Claims 1-4, 6, 8-13 and 15 are rejected under 35 U.S.C. 103(a) as being unpatentable over Sörstrand et al., “Generative AI Applied to Technology Strategy-Using Open-source Large Language Models In an Agentic Way” (Sörstrand), in view of Huang, Pub. No.: US 2026/0127192 A1 (Huang).
Claim 1. Sörstrand discloses:
A retrieval augmented generation (RAG) computing module for generating an enhanced response to a user query, the module comprising: a processing unit; and a non-transitory media readable by the processing unit, the media storing instructions that when executed by the processing unit causes the processing unit to:
retrieve a plurality of documents from a database; (large documents are retrieved for chunking: sec. 2.3.2, “Unlike the single-level document splitting described in Section 2.3.1, the Parent Document Retriever introduces a two-tiered splitting mechanism, as seen in Figure 2.3. Initially, large documents are divided into what are termed “parent documents”. For instance, a multi-paged document might be divided into individual pages, each considered a parent document. These parent documents are subsequently subdivided into smaller segments referred to as “child chunks”)
identify and extract relevant context from each of the retrieved documents and append the relevant context to each respective retrieved document; (sec. 2.3.2, a link from a child to its parent is a domain specific query because it is used for reaching the parent for preserving the context of the information: “Importantly, each child chunk retains a reference back to its parent document, preserving the context of the information”)

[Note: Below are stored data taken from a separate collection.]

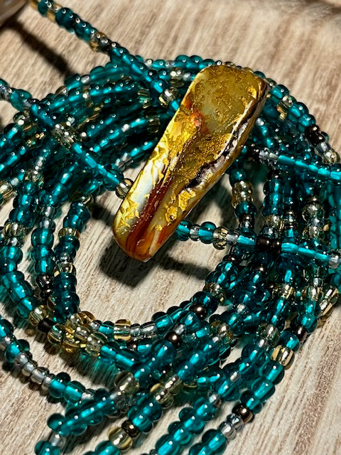 She's Got A Mind of Her Own! Beautiful, double hand strung glass seed beads, in deep Turquoise, gold, and iridescent tones. Featuring amber/gold colored natural stone. Adorn your waist today with She's Got A Mind of Her Own !
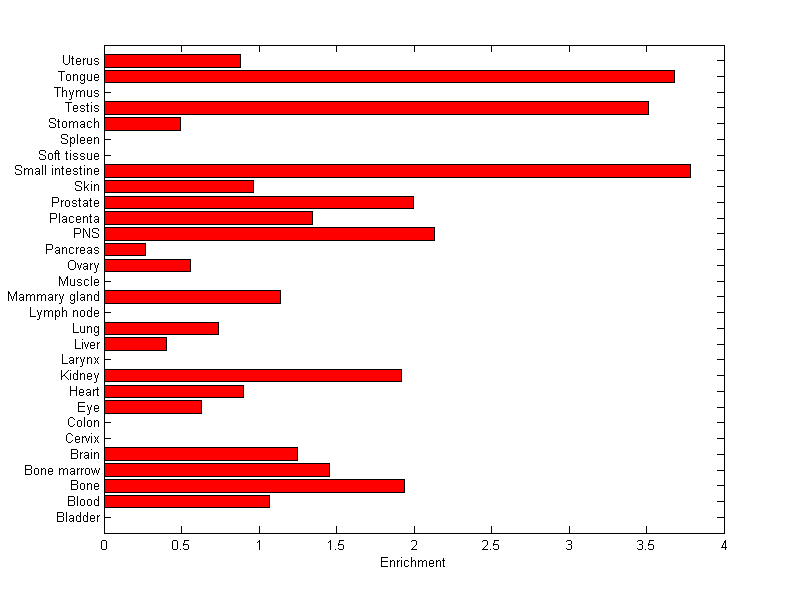 The expression level is normalized with tissue-library size. Each value for a gene in a tissue is a ratio of observed ESTs to the expected one in this tissue. The expected number of ESTs is the product of total ESTs of the gene and the fraction of total ESTs in the tissue among all ESTs in 30 tissues.
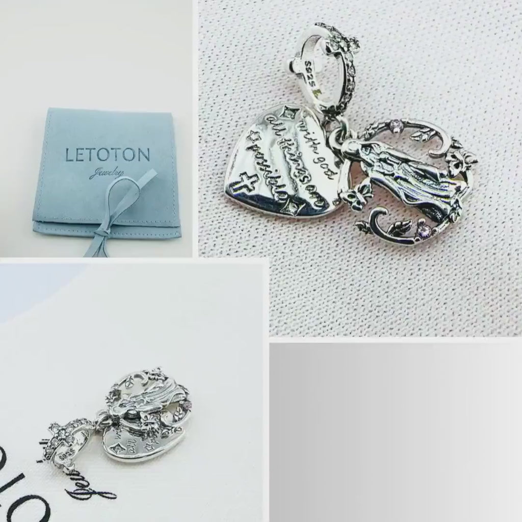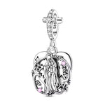 Virgin Mary Pandora Charm | Cross Heart Dangle | Silver Religious Jewelry | Baptism Confirmation Gift
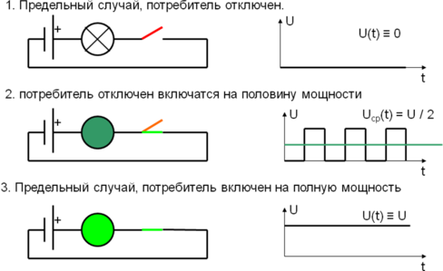 Потребитель то подключается к источнику энергии (батарее) то отключается. Подключение и отключение происходят с большой частотой (кГц). Длительность подключения (скважность) изменяется, и изменяется среднее напряжение на потребителе. Таким образом, изменяя скважность можно изменять напряжение. Такой метод регулирования самый экономичный из возможных (практически нет потерь на ключе) и широко применяется в управлении техническими системами.

apply a two-layer chunking process to each of the retrieved documents to generate a plurality of document chunks, wherein each of the document chunks include the appended domain-specific query and a relevant context associated with the retrieved document from which the document chunks were generated; (sec. 2.3.2, “Unlike the single-level document splitting described in Section 2.3.1, the Parent Document Retriever introduces a two-tiered splitting mechanism, as seen in Figure 2.3. Initially, large documents are divided into what are termed “parent documents”. For instance, a multi-paged document might be divided into individual pages, each considered a parent document. These parent documents are subsequently subdivided into smaller segments referred to as “child chunks”)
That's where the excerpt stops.